Transcribe the records below from the first line to the line that includes "Lubeck, Germany - May", inclusive, and omit the pictures.
===== Dataset extract =====
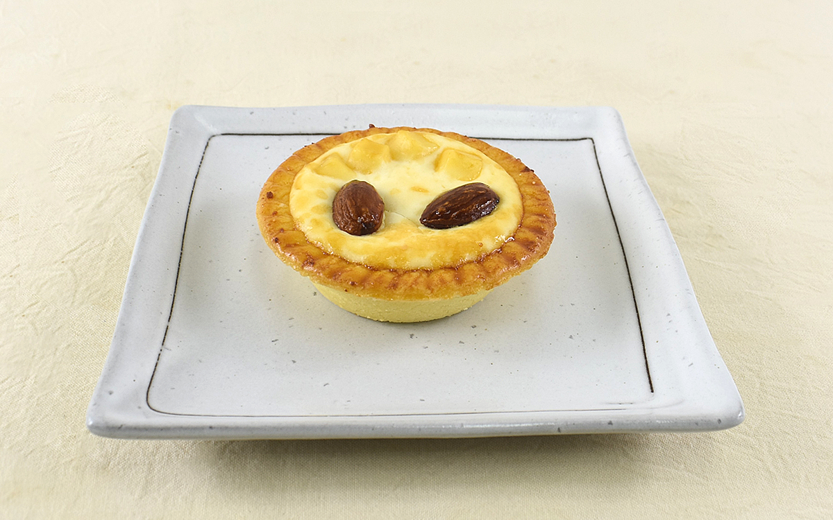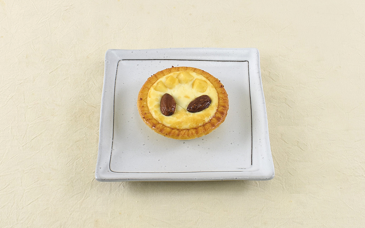 パッケージから取り出したタルトは、ちょうど手のひらに収まるほどのサイズ感。艶のあるチーズフィリングに加えて、2粒のアーモンドとキューブ型チーズも目を引きます。さっそく一口いただくと、噛みしめた瞬間にチーズ特有の塩味が拡散。タルトといえば甘いイメージだったので、思わぬ先制パンチに意表を突かれてしまいました。
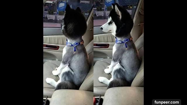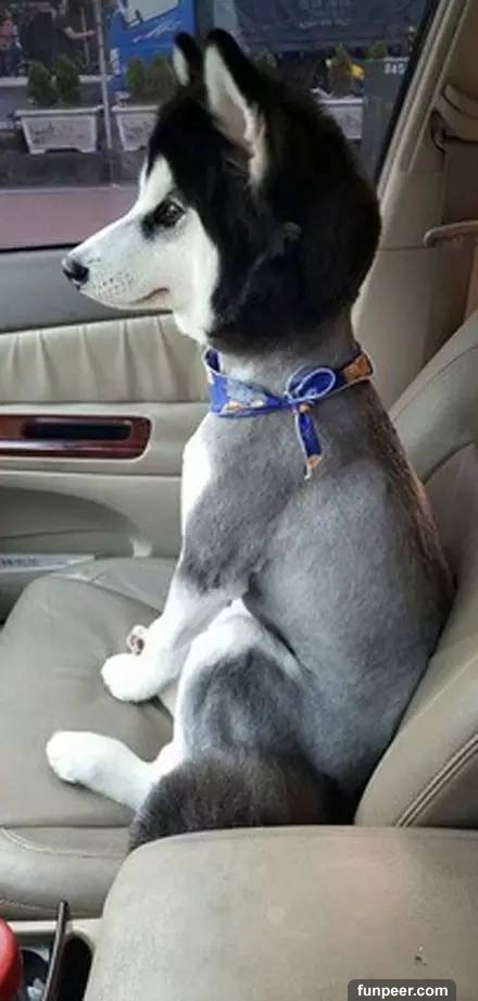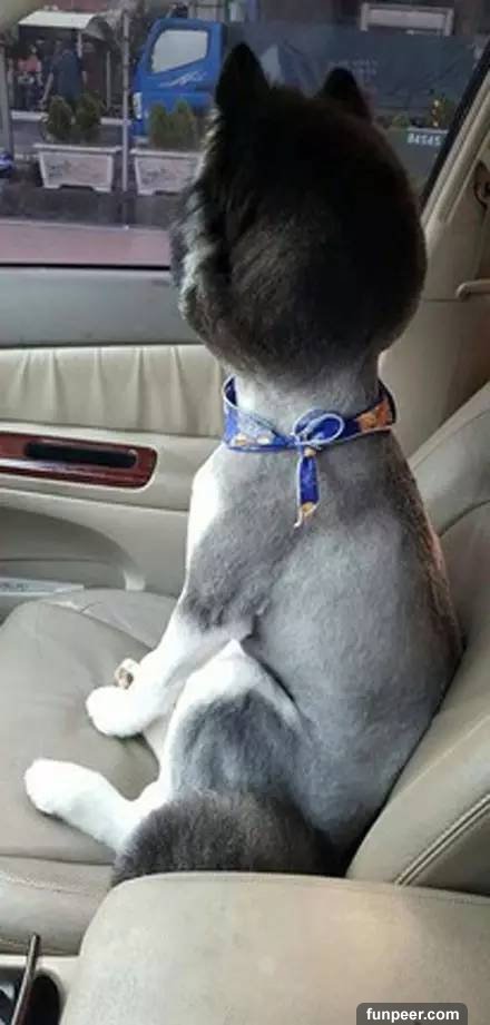 只見這只哈士奇全身上下的毛幾乎都被剃短,就連頭毛也被塑形成圓弧狀,難怪它超級鬱悶的一直望著窗外,一點都不想理主人呢!
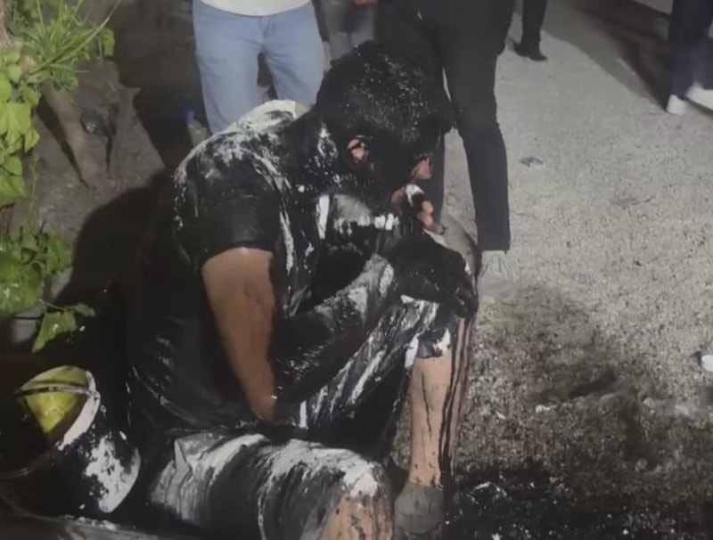 Damadın üzerine motor yağı, sıvı yağ, benzin, un, yumurta ve ketçap dökülürken, o anları cep telefonuyla kayda alındı.
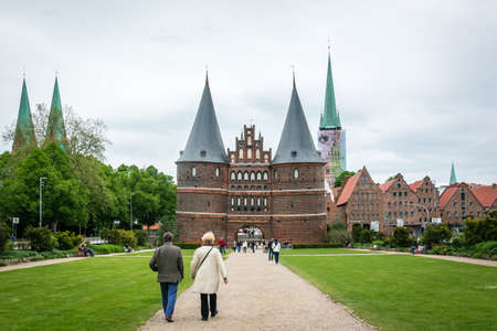 Lubeck, Germany - May 31, 2015: People are spending time near the Holsten gate of Lubeck in Germany
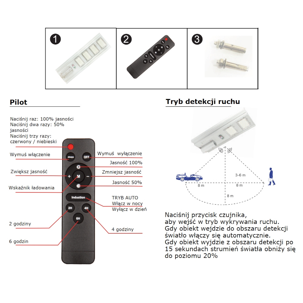 - Czas pracy 8-10 godzin w trybie ciągłego świecenia, 12 godzin w trybie czujnika ruchu
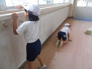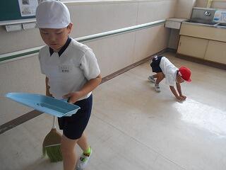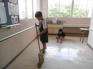 1学期最後の通常清掃です。どの児童も、とても良く働いています!
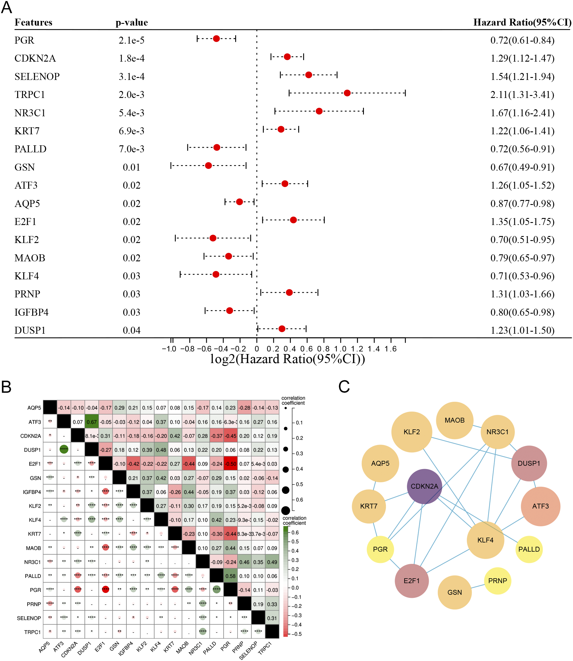 (A) Univariate Cox regression analysis of the 186 DM-DEGs, identifying 17 genes significantly associated with prognosis. (B) Correlation matrix for the 17 DM-DEGs. (C) PPI networks and key modules constructed via STRING and Cytoscape, featuring 20 edges and 17 nodes.
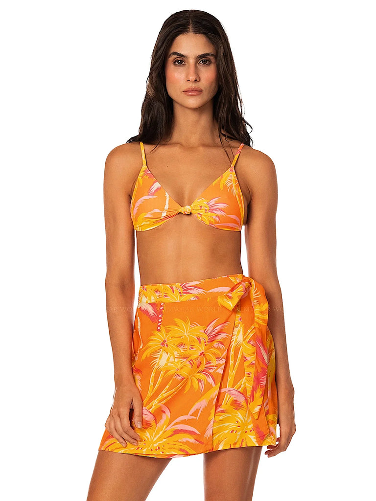The Dara Skirt features a vivid tropical floral print in vibrant orange, pink, and yellow tones, creating a bold and summery aesthetic. This wrap-style mini skirt ties at the side, offering a flattering fit and playful movement. Its breezy silhouette makes it a versatile piece ideal for layering over swimwear or pairing with resort-ready separates.
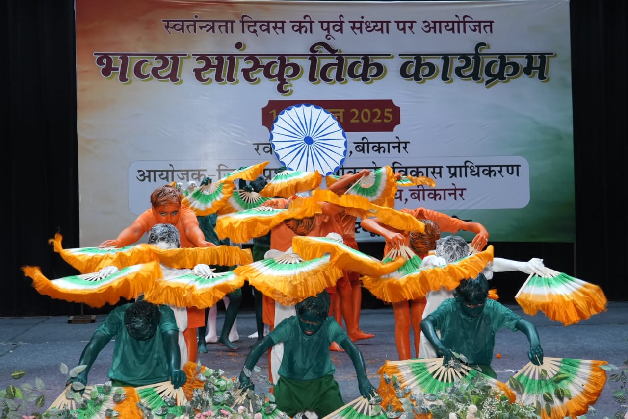 स्वतंत्रता दिवस की पूर्व संध्या पर गुरुवार को रवींद्र रंगमंच पर भव्य सांस्कृतिक कार्यक्रम आयोजित किया गया। जिला प्रशासन, बीकानेर विकास प्राधिकरण और जनसंपर्क कार्यालय के संयुक्त तत्वावधान में आयोजित कार्यक्रम में जिले के विभिन्न स्कूलों के विद्यार्थियों ने देशभक्ति गीत नृत्य, लोक संगीत और संस्कृति आधारित गीतों और नृत्यों की प्रस्तुतियां देकर रवीन्द्र रंगमंच को देशभक्ति के रंगों से सराबोर कर दिया।
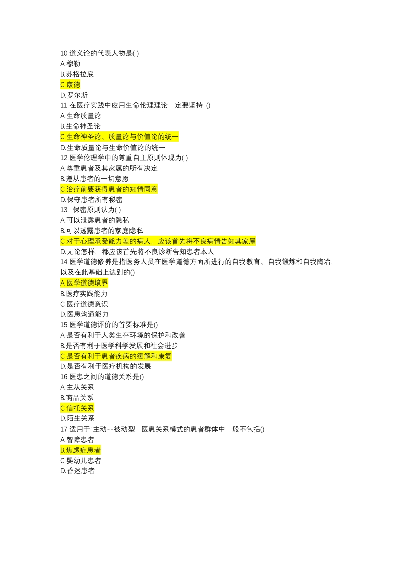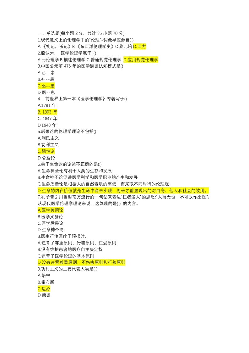 一、单选题(每小题2分,共计35小题70分)】1,现代意义上的伦理学中的"伦理”-词最早应源自()A《礼记。乐记》B.《东西洋伦理学史》C,蔡元培D.西方2般认为,医学伦理学属于0A元伦理学B.描述伦理学C,普通规范伦理学D应用规范伦理学3.中国公元前476年的医学道德认知模式是0A己-患B.神-患C巫-患D.医--患4.目前世界上第一本《医学伦理学》专著写于0A1791年B.1803年C.1847年D.1948年5.后果论的伦理学理论不包括0A利已主义B.功利主义C德性论D.公益论6关于生命论的论述不正确的是()A生命神圣论有利于人类的生存和发展B,生命神圣论促进医学科学和医学职业的产生和发展C,生命质量论是根据人的自然素质的高低,而采取不同对待的伦理观D.生命的内在价值就是生命中尚未实现,将来才能显现出的对自身、他人和社会的效用。7孔子曾引用当时南方流行的一句话来表达"仁者爱人"的思想:“人而无恒,不可以作巫医”。从现代医学伦理学理论来说,这体现的是()的内容。A医学美德论B.医学义务论C,医学后果论D,生命神圣论8医生行使医疗干预权时A违背了尊重原则、行善原则、仁爱原则B.没有维护患者的医疗自主决定权C,违背了医学伦理的基本原则D.没有违背尊重原则、不伤害原则和行善原则9.功利主义的主要代表人物是()A培根B.霍布斯C边沁D.康德
=====
Reply to the task:
 パッケージから取り出したタルトは、ちょうど手のひらに収まるほどのサイズ感。艶のあるチーズフィリングに加えて、2粒のアーモンドとキューブ型チーズも目を引きます。さっそく一口いただくと、噛みしめた瞬間にチーズ特有の塩味が拡散。タルトといえば甘いイメージだったので、思わぬ先制パンチに意表を突かれてしまいました。
 只見這只哈士奇全身上下的毛幾乎都被剃短,就連頭毛也被塑形成圓弧狀,難怪它超級鬱悶的一直望著窗外,一點都不想理主人呢!
 Damadın üzerine motor yağı, sıvı yağ, benzin, un, yumurta ve ketçap dökülürken, o anları cep telefonuyla kayda alındı.
 Lubeck, Germany - May 31, 2015: People are spending time near the Holsten gate of Lubeck in Germany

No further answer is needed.